Свернули, множество ног, шагали в тапочках, вэтнамках, сандалиях, туфлях , на шпильках и без, кедах, кроссовках, мокасинах, китайских и турецких, босиком, голод голод, запах, запах молока, творога, сметаны сепараторной и нет, помидоров, красных, желтых и зелёных кабачков, синеньких, тыкв, хрена, перца горького и сладкого, груш, винограда, яблок, слив, картошки, редиски, красных зелёных и желтых, семечек тыквенных и подсолнечных, пряностей, -чебреца, перца, куркумы, муската, пластмассы, полиэтилена, клея, крема для обуви, журналов 'Готовим Сами', там где '...квасолю готують зi свинячою головою...', кроссвордов, сканвордов, Кул - Кул гёл, Единственная. Поверх этого туннеля из запахов, преобладает запах человека, задниц, ***ов и ****, подмышек и ног, а в конце туннеля палатки с рыбой и ларек с колбасой, синий с желтим. Голод, голод, глютаматы лучшее, много Других Своих, как опять стая, только на рынке, на базаре, каждый Свой Другой за Своих Других, голод голод, постояли, полежали, покружили, тут очередь, кто отбивался тех обступили, просили, голод, запах, ну-ка дайте нам, ну дайте нам пожалуйста, голод, запах. Ну дайте нам, ну дайте нам, пели взглядами, хором, колбаска, много Своих Других, голод, запах, напряглись, отхватили кусок, голод, запах, держим, к земле, голод, запах, упираем, вкус, вкус, вкус, ещё, ещё, улеглись в ожидании, ритм на 10 градусов ниже, медленнее. Похолодало, ждем, мухи собрались у лужи, которая накапала с вагончика, --- мы пьём зловонную воду, в деловых позах, мы на глазах, на носу, не отмашетесь.

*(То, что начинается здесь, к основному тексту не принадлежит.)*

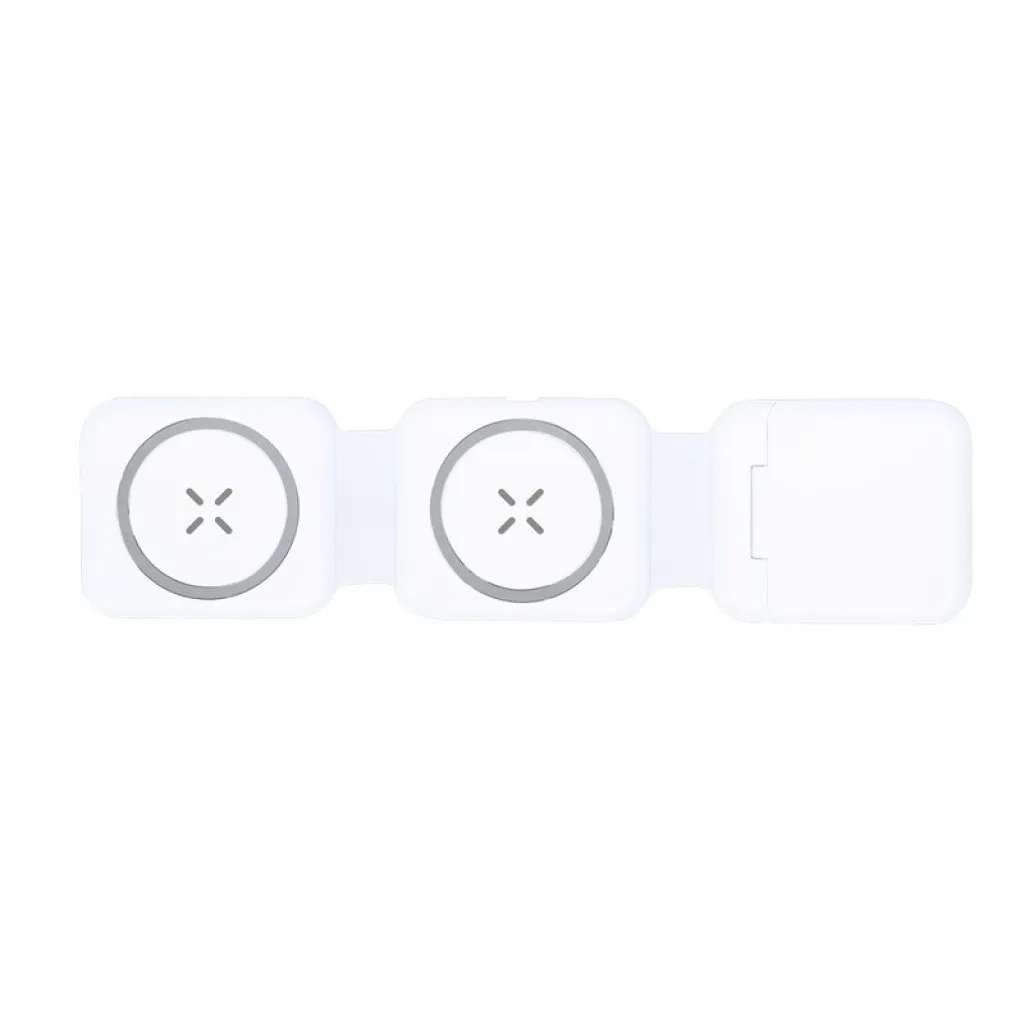 Magnetic wireless charger 15W, works with devices with inductive charging function, magnetic alignment suitable for compatible devices only, can charge two devices simultaneously, phone stand, USB type C input 5-9V/1-1.67A, charging and synchronization cable with 2 plugs
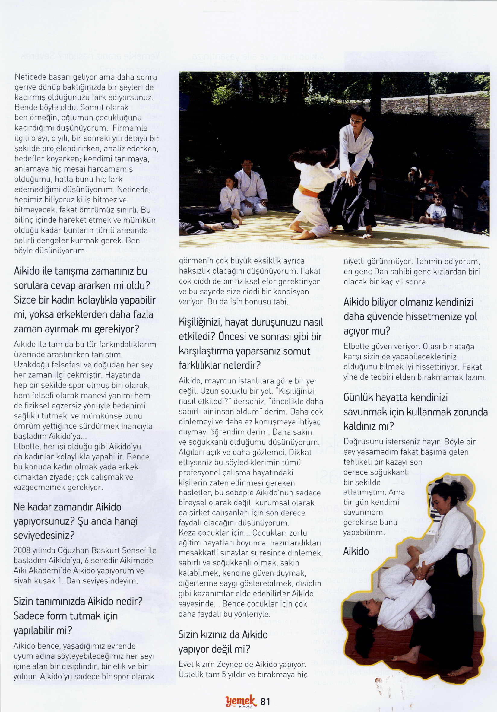 Evet kızım Zeynep de Aikido yapıyor. Üstelik tam 5 yıldır ve bırakmaya hiç niyetli görünmüyor. Tahmin ediyorum en genç Dan sahibi genç kızlardan biri olacak birkaç yıl sonra.

К аллеи, по ветру, по асфальту, как кипящая вода, запах выхлопов, базарного гнилья на мусорках, кетчупа и майонеза на бумажках из под ход догов, голод, кошка ошарашенная, соленая и горькая в собственной желчи, сонная примороченная, с конъюнктивитом, почти не гордая, как забитая домохозяйка бездомная, промолчала, нет у нас уже ни ненависти ни желания, почти друг друга не замечали. Брысь, Брысь, три бездомных, накрыли поляну, объедки и водку, в центре города, под деревом. Голод, голод, запах белого хлеба, сала, помидоров, лука, балычка, спирта - всё подгулявшее, возле урны, у куста, на расстоянии, парнишки в разрисованных клетчатых рубашках, гнусно и безвкусно потертых джинсах, прямиком, с университета к Маме, терлись, с кусочком ливерной улыбались, голод голод, запах, запах, дразнили, ну-ка дайте нам, ну-ка дайте нам, пели хором глазами, дразнили, подбрасывали, скормили, уперли, придержали, вкус, вкус, вкус ещё, ещё...изониазид
Не так солнечно, кружимся, кружимся, мы, вперед или назад, еле перебираем, пластилиновые, из земли к земле прилеплены, то ли быстро то ли медленно, три бездомных говорят на повышенных искаженных тонах. Все нас трогают везде, а мы ничего не слышим, сходили под себя без стойки, хотим идти не идем, хотим лечь не ложимся, застряли, застыли, тошнит, вырвало тоже под себя, рвет без передышки, хочется пить, пить, сухо и рвет, раздирает горло, три бездомных перевернулись поплыли, чешется чешется, головы раскалываются. Мы горим, наши сердца бесконтрольное, невпопад, то ли быстро то ли медленно то ли, выпрыгнет, разорвется то ли остановятся, пошли отсчёты темно красный экран, все кипит и пенится, мы горим, трудно дышится, ветра вообще нету, не можем надышатся, темнеет, вспыхивает будто гроза, сводит, сводит, пенится, пенится у нашего рта, всё кипит и пенится, мы горим, так много ног проходящих, смотрящих строго с отвращением, трясет, трясет, выкипаем, над Другим, над Своим, мы Другой, сводимся к ничему.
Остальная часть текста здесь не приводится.